__Data for this exercise__:
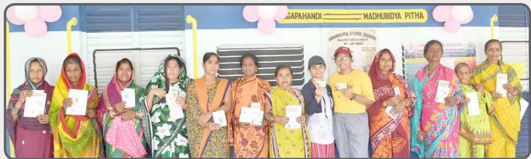
ઓડિશાના બેરહામપુરમાં એડમેલએન મોડલ સ્કૂલ મધુ વિદ્યાપીઠા પ્રાથમિક શાળા દિગપહાંડી ગંજમ જિલ્લામાં લોકસભાની ચૂંટણી દરમિયાન મતદાન મથક પર મતદાન કરવા માટે લાઈનમાં પોતાના ઓળખ કાર્ડ લઈને ઊભા રહેલા મતદારો.
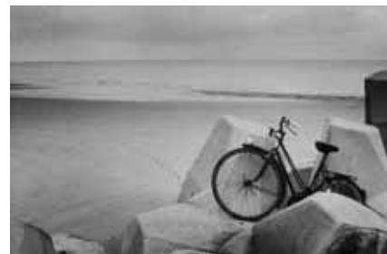
Bob Ceusters, Water fiets, Belgium / Belgie
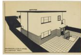
Fonds De Koninck (1_DEKON)
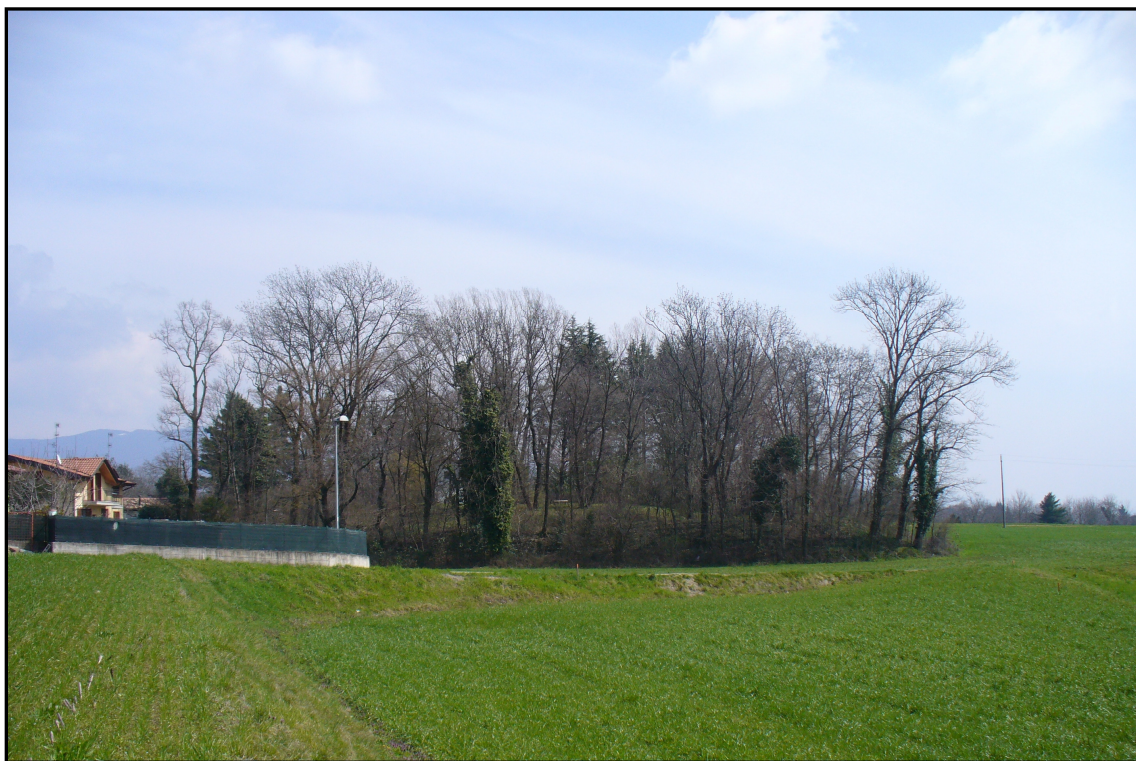
PRIMA – VISTA DA OVEST
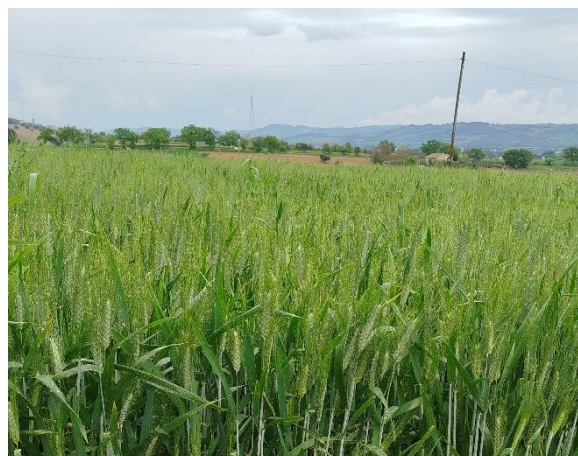
Grano duro – spigatura (BBCH 59)
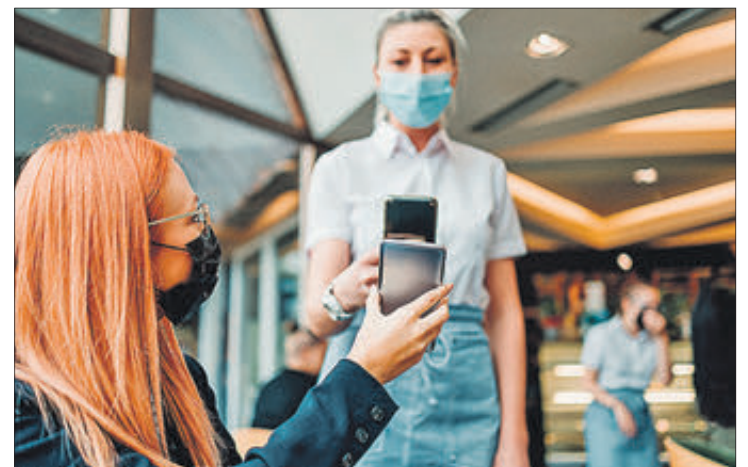
L’hostaleria és un dels àmbits en el qual el certificat és obligatori.

“susceptible d’aconseguir l’objectiu concret amb el que queda emplenat el judici d’idoneïtat”, segons consta en l’acte, i s’afeg que és “indispensable si es vol obtenir l’objectiu de reduir o -almenys- minimitzar l’increment de la transmissió”.
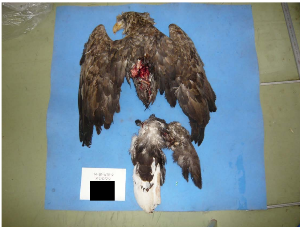
図2 . 背側像
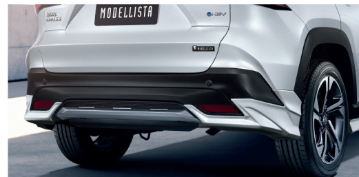
สเกิร์ตกันชนหลัง
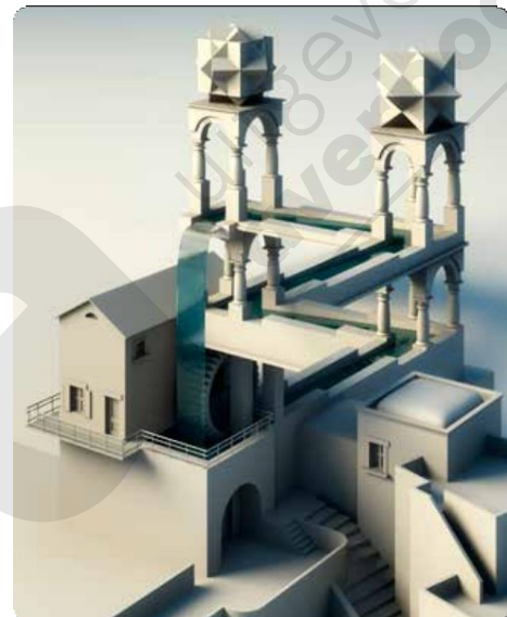
Reproductie van M.C. Escher, De waterval

Escher weet de perspectiefregels zelfs zo toe te passen, dat hij ons op het verkeerde been zet. Hij doet dat door de onmogelijke driebalk toe te passen, een principe dat in de wiskunde niet realiseerbaar is. Gelukkig kan dat in de kunst wel.
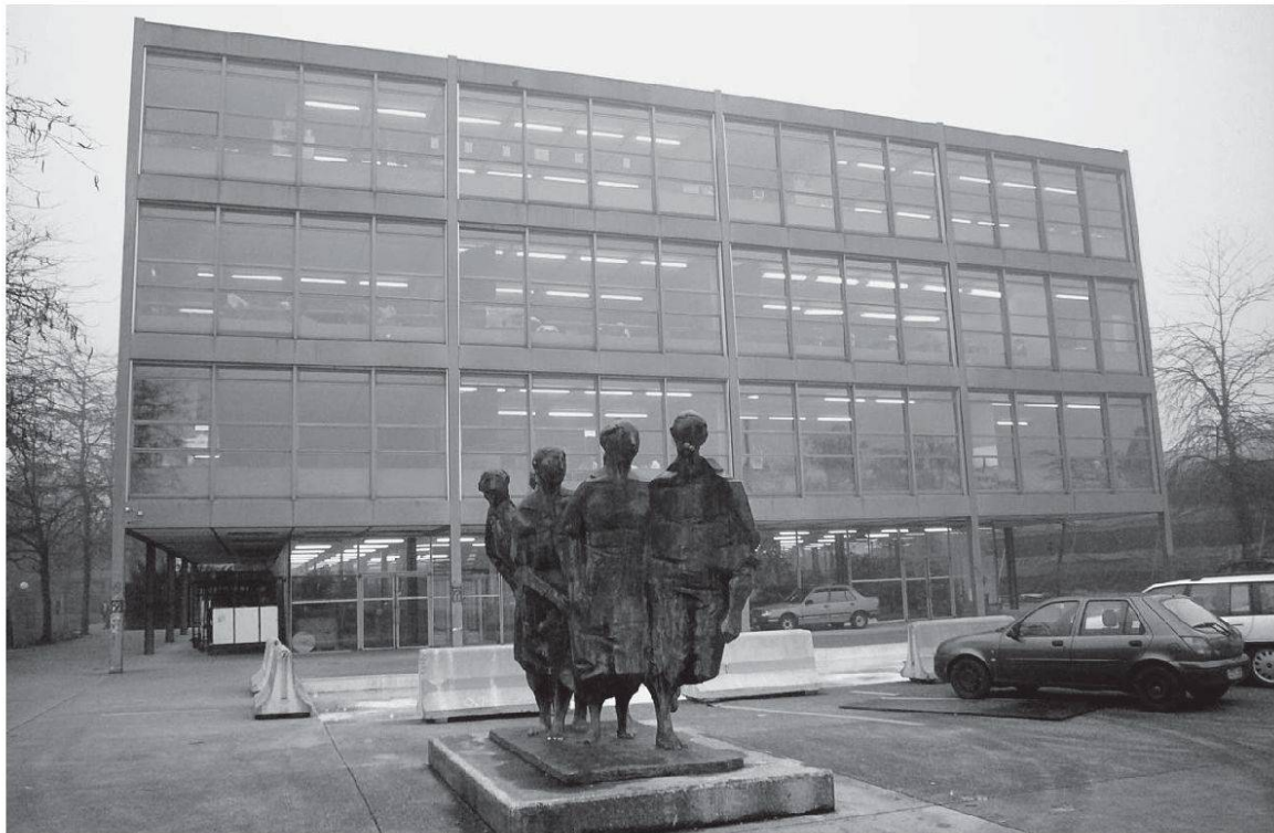
Hallers Hauptbau kurz vor der Sanierung.
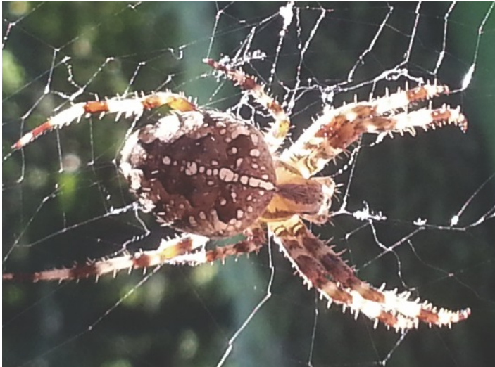
Walburga Cantieni, Kreuzspinne im Vorderhasle, Wolfhalden
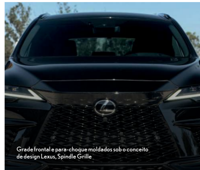
Grade frontal e para-choque moldados sob o conceito de design Lexus, Spindle Grille
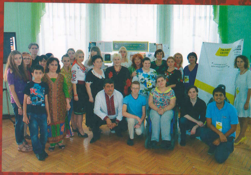
Учасники Всеукраїнського фестивалю #stusfest «Палімпсести», що відбувався впродовж двох днів у Вінниці 2015 р.
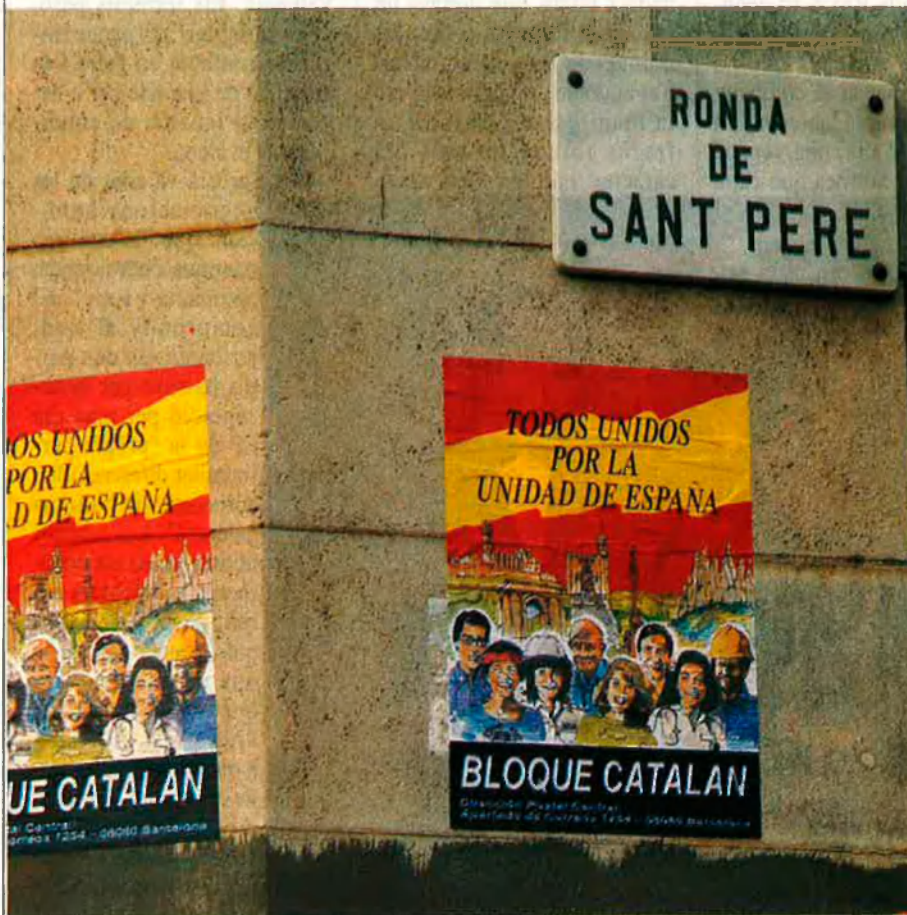
Imatges dels cartells del Bloque Catalán enganxats als carrers de Barcelona.

El Bloque Catalán, després d'aquesta primera campanya de cartells, prepara un acte públic de presentació a Barcelona. Per ara ha aconseguit reagrupar un contingent important dels grups de l'extrema dreta del Principat. És una experiència pilot que no preveu de moment moviments semblants ni a València ni a les Illes, ni a l'estat. De moment, tal com diu l'últim paràgraf del document de constitució, "preguem a la Divina Providència perquè, si és la seva voluntat, poguem disposar aviat d'uns mecanismes amb què defensar amb possibilitats la nostra alternativa en favor de la Catolicitat i la Unitat d'Espanya".
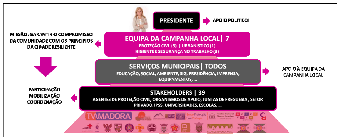
Figura 2- Estrutura da Campanha Local 2010-2015 “Sempre em Movimento, Amadora é Resiliente”

O segundo passo foi desenvolver mecanismos de sensibilização e formação para a população e stakeholders , de modo a ser possível transmitir-lhes os procedimentos corretos a dotar em situações de emergência. A equipa da Campanha Local, com o apoio dos parceiros tem concretizado diversas publicações 1 , planos de emergência (de acordo com os Cadernos Técnicos da Autoridade Nacional de Proteção Civil) e estudos técnico-científicos, em que se efetuou a análise dos riscos no município e as medidas estruturais e não estruturais a aplicar. A equipa desenvolveu ainda uma metodologia de trabalho 2 para a redução do risco de desastre nas infra-estruturas dos stakeholders , em que é prestado apoio técnico na identificação das inconformidades e na proposta de melhorias no âmbito do Regime Jurídico de Segurança Contra Incêndio em Edifícios (SCIE) e ministrada ações de formação e sensibilização aos utentes/utilizadores das instalações.
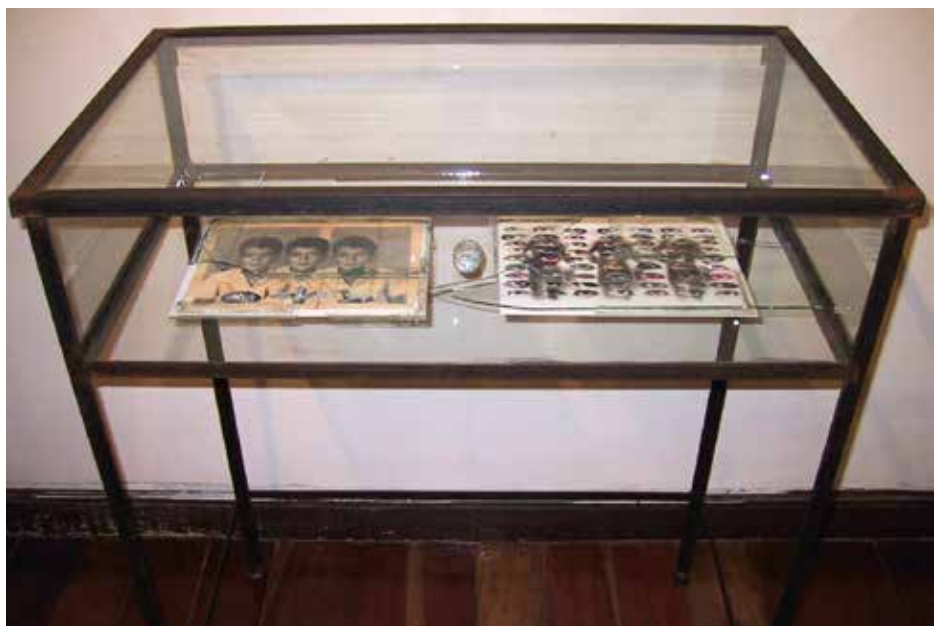
Quirval: Autorretrato. 1999. Fotografía digital.

__Work instruction__:
The answer must be every line from the entries above that holds the string "Catalán".

__The answer__:
Imatges dels cartells del Bloque Catalán enganxats als carrers de Barcelona.
El Bloque Catalán, després d'aquesta primera campanya de cartells, prepara un acte públic de presentació a Barcelona. Per ara ha aconseguit reagrupar un contingent important dels grups de l'extrema dreta del Principat. És una experiència pilot que no preveu de moment moviments semblants ni a València ni a les Illes, ni a l'estat. De moment, tal com diu l'últim paràgraf del document de constitució, "preguem a la Divina Providència perquè, si és la seva voluntat, poguem disposar aviat d'uns mecanismes amb què defensar amb possibilitats la nostra alternativa en favor de la Catolicitat i la Unitat d'Espanya".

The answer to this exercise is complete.